The Job class is responsible for instantiating a run-time workflow execution object - a Run - that captures the configuration and workitems generated while executing the tasks. Essential logic is provided in the module ::Libis::Workflow::Base::Run with a simple in-memory implementation in ::Libis::Workflow::Run. The run object's class name has to be provided to the job configuration so that the job can instantiate the correct object. The run object will be able to execute the tasks in proper order on all the WorkItems supplied/collected. Each task can be implemented with code to run or simply contain a list of child tasks.

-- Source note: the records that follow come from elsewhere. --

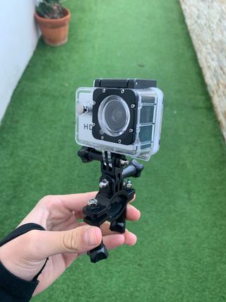 Cámara de acción con resolución HD, ideal para capturar tus aventuras. - Diseño compacto y ligero. - Carcasa protectora incluida. - Es sumergible Pone que es marca Go pro pero no es esa es que no se que marca es.
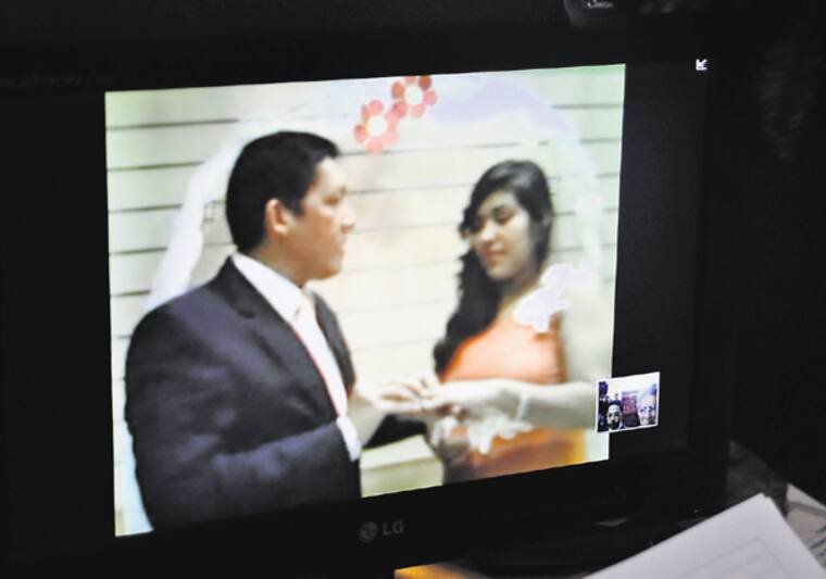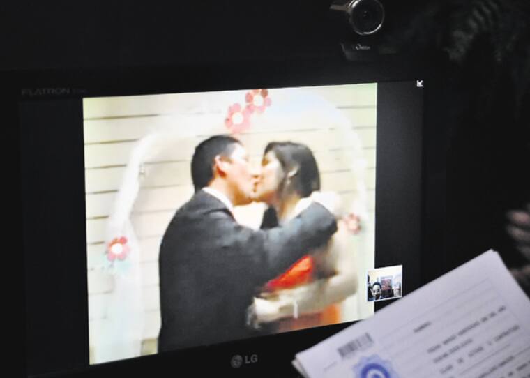 La figura de los novios proyectada en la pantalla llegaba nítida y con un sonido algo deficiente.
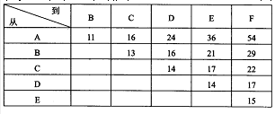 下表记录了六个结点A、B、C、D、E、F之间的路径方向和距离。从A到F的最短距离是( )。
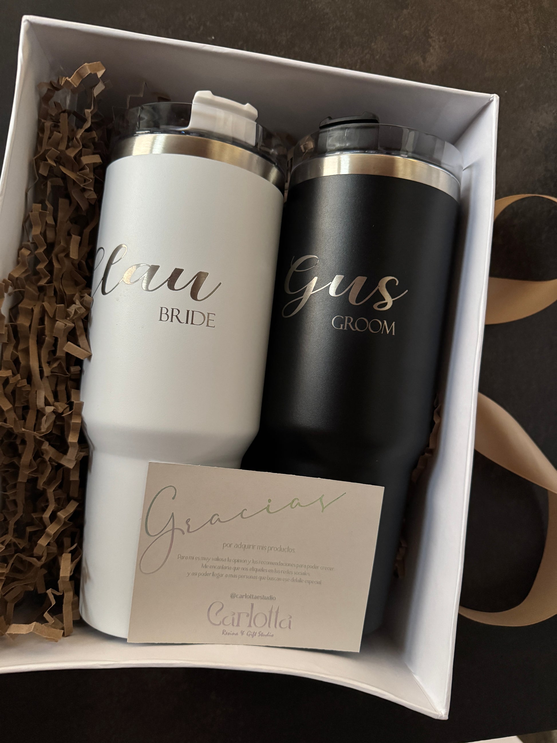 Dos termos con nombre de los Novios, en grabado laser
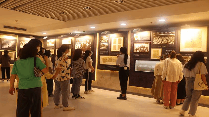 “这是首本《共产党宣言》中文全译本的两个版本,那为什么有两个版本呢?”在讲解员的娓娓道来中,师生们重温百年党史和峥嵘岁月,感受到中国共产党从成立到取得现有成就的不易,对中国精神感触颇深。
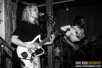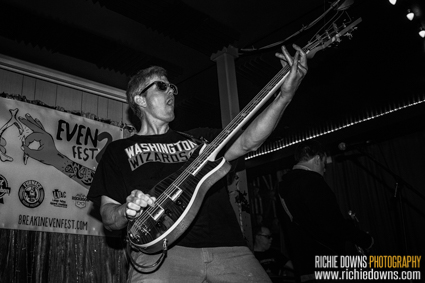 Breakin’ Even is the brainchild of the band American Television (who were slated for Saturday). But they curated the festival with bands they knew, worked with or otherwise liked. So they got the longtime trio Dot Dash into the mix, with straight ahead and smart driving rock led by Terry Banks. The trio is also a kind of equipment showcase, with Bennett playing a baby blue Vox teardrop guitar and bassist Hunter Bennett rocking a rare, super-heavy 8-string electric bass that tended to dominate the sound. Drummer Danny Ingram managed with the drum set the first three bands were sharing. Named after a Wire song, Dot Dash, which is next opening for Richard Lloyd at the Black Cat June 1, had its last album—its fifth—released by an outfit in Ottawa.

The whole ingester workflow is configured by a Singleton object ::Libis::Workflow::Config which contains settings for logging and paths where tasks and workitems can be found.

Usage

You should start by including the following line in your source code:

    require 'libis-workflow'

This will load all of the Libis Workflow framework into your environment, but including only the required parts is OK as well. This is shown in the examples below.

Workflows and Jobs

An implementation of ::Libis::Workflow::Base::Workflow contains the definition of a workflow. Once instantiated, it can be run by calling the 'execute' method on a job object created for that workflow. This will create an intance of an implementation of ::Libis::Workflow::Base::Run, configure it and call the 'run' method on it. The Workflow constructor takes no arguments, but is should be configured by calling the 'configure' method with the workflow configuration as an argument. The job's 'execute' method takes an option Hash as argument with extra/overriding configuration values.

Job configuration

A job configuration is a Hash with:

  • name: String to identify the workflow
  • description: String with detailed textual information
  • workflow: Object reference to a Workflow that contains the task configuration
  • run_object: String with class name of the ::Libis::Workflow::Base::Run implementation to be created. An istance of this class will be created for each run and serves as the root work item for that particular run.
  • input: Hash with input parameter values for the workflow

Workflow configuration

A workflow configuration is a Hash with:

  • name: String to identify the workflow
  • description: String with detailed textual information
  • tasks: Array of task descriptions
  • input: Hash with input variable definitions
Task description

is a Hash with:

  • class: String with class name of the task
  • name: String with the name of the task
  • tasks: Array with task definitions of sub-tasks
  • any task parameter values. Each task can define parameters that configure the task. It is using the ::Libis::Tools::Parameter class for this.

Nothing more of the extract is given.